US agencies team up on cell-cultured meat regulations
The regulatory oversight of cell-cultured food from livestock and poultry, or cell-based meat, will be shared by the US Department of Agriculture (USDA) and the Food and Drug Administration (FDA).
While some consumers believe cell-based meat is more humane and environmentally friendly than traditional meat, others remain wary about the safety of these products.
The USDA’s Food Safety and Inspection Service (FSIS) and the US Department of Health and Human Services’ (HHS) FDA have announced a formal agreement to jointly oversee the production of these cell-based meat products. The agreement describes the oversight roles and responsibilities for both agencies, and how they will collaborate to regulate the development and entry of these products into commerce.

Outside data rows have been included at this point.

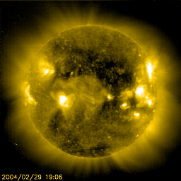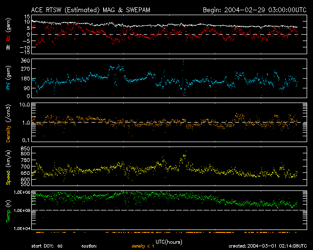 2004/ 3/ 1 11:15 更新 太陽風の速度が650km/秒へ上昇しています。磁気圏の乱れに注意して下さい。 担当 篠原 コロナホールの影響で、太陽風の速度が上昇しています。 予想よりも早く高速風の領域に入った様で、昨日のニュース以降も速度の高い状態が続き、 2月29日11時(世界時29日2時)頃からは600km/秒を超えています。 一方、太陽風の磁場強度(白線)は5nT程度に下がり、 磁気圏の乱れを起こす磁場南向きの成分(赤線のマイナス成分)も弱い変化に留まっています。 そのため、沖縄の磁場変化を見たところ、現時点では大きな擾乱には発達していない様です。 ただし、太陽風の速度がたいへん速くなっていますので、 太陽風の磁場成分の変化によって、急にオーロラ活動が活発になる可能性があり、注意が必要です。 SOHO EIT284カメラの太陽画像を見ると、 この高速風の源となっているコロナホール(太陽の中心付近に見えるやや暗い領域)は、 太陽の北半球(上半分)を中心に、東西(左右)に大きく広がっています。 現在地球に影響を及ぼしているのは、西側(右側)の領域です。 コロナホールの広がりから考えて、今後5〜6日程度高速風が続く可能性があります。 先週大きなフレア(太陽爆発)を起こした太陽黒点の564群は次第に太陽の西縁に近づいています。 このところ目立ったフレアは発生していませんが、 中規模のフレアを起こす可能性はまだ残っているとのことです。 SOHO衛星のEIT284カメラの映像 (c) SOHO (ESA & NASA)
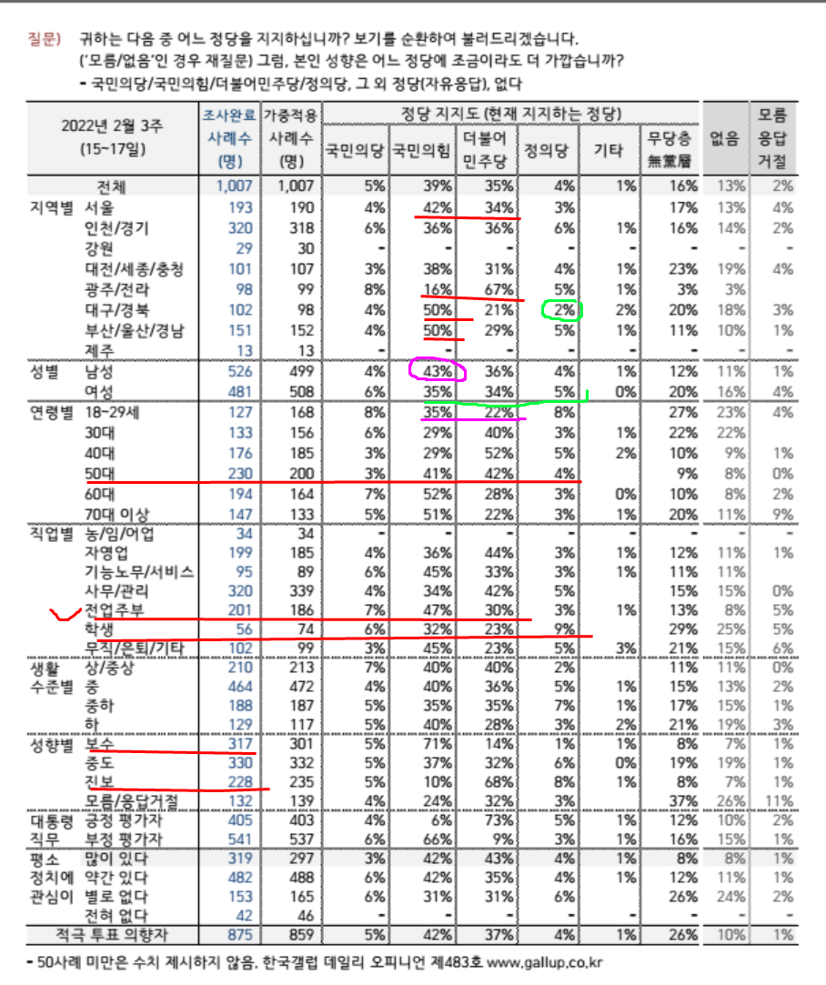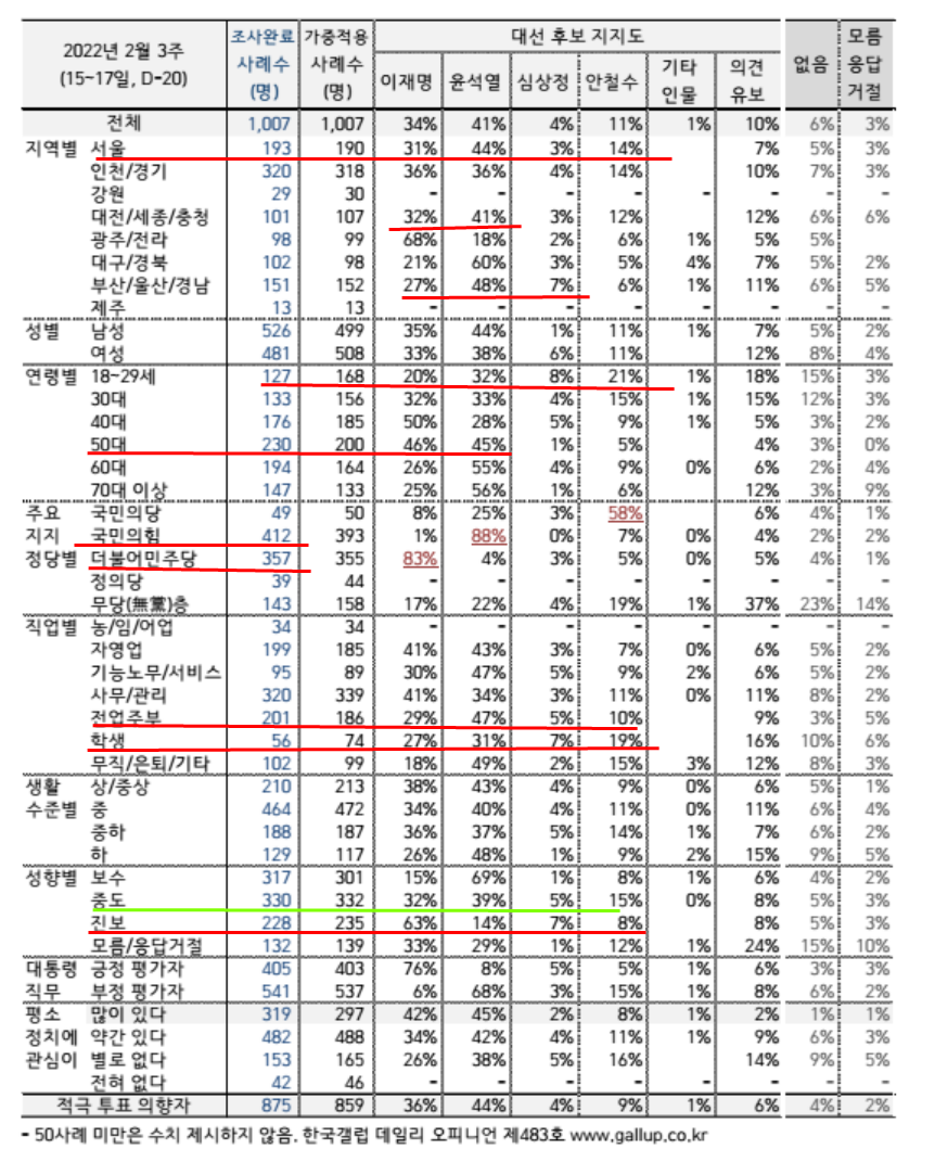 보수층(317명), 중도층(330명),진보층(228명), 지향 밝히지 않음(132명)이다. 보수층 31.5%, 중도층 32.8%, 진보층 22.6%, 모름 13.1%이다. 보수층 응답자가 진보층에 비해 8.8%가 더 많다.민주당 이재명 34%, 국힘 윤석열 41%, 정의당 심상정 4%, 국민의당 안철수 11%.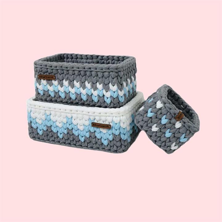 مشخصات فنی سبد قلاب بافی تریکو طرح سیسمونی نوزادی کد 01 مجموعه 3 عددی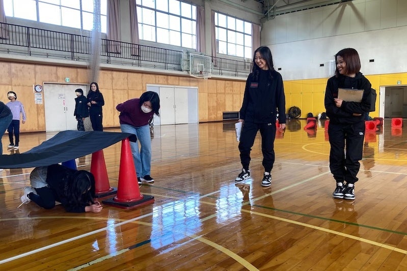 当日はゲストとして、三遠ネオフェニックス 公式チアリーダー FIRE GIRLSも一緒に身体を動かしながらブラインドチャレンジを体験しました。

The agencies agree upon a joint regulatory framework which separates responsibility into pre- and post-harvest. “A transition from FDA to USDA oversight will occur during the cell harvest stage,” the USDA explained in a statement. The FDA will oversee cell collection, cell banks, and cell growth and differentiation, while FSIS will oversee the production and labelling of human food products derived from the cells of livestock and poultry.
“Consumers trust the USDA mark of inspection to ensure safe, wholesome and accurately labelled products,” said USDA Deputy Under Secretary for Food Safety Mindy Brashears. “We look forward to continued collaboration with FDA and our stakeholders to safely regulate these new products and ensure parity in labelling.”
“We recognise that our stakeholders want clarity on how we will move forward with a regulatory regime to ensure the safety and proper labelling of these cell-cultured human food products while continuing to encourage innovation,” said Frank Yiannas, FDA Deputy Commissioner for Food Policy and Response. “Collaboration between USDA and FDA will allow us to draw upon the unique expertise of each agency in addressing the many important technical and regulatory considerations that can arise with the development of animal cell-cultured food products for human consumption.”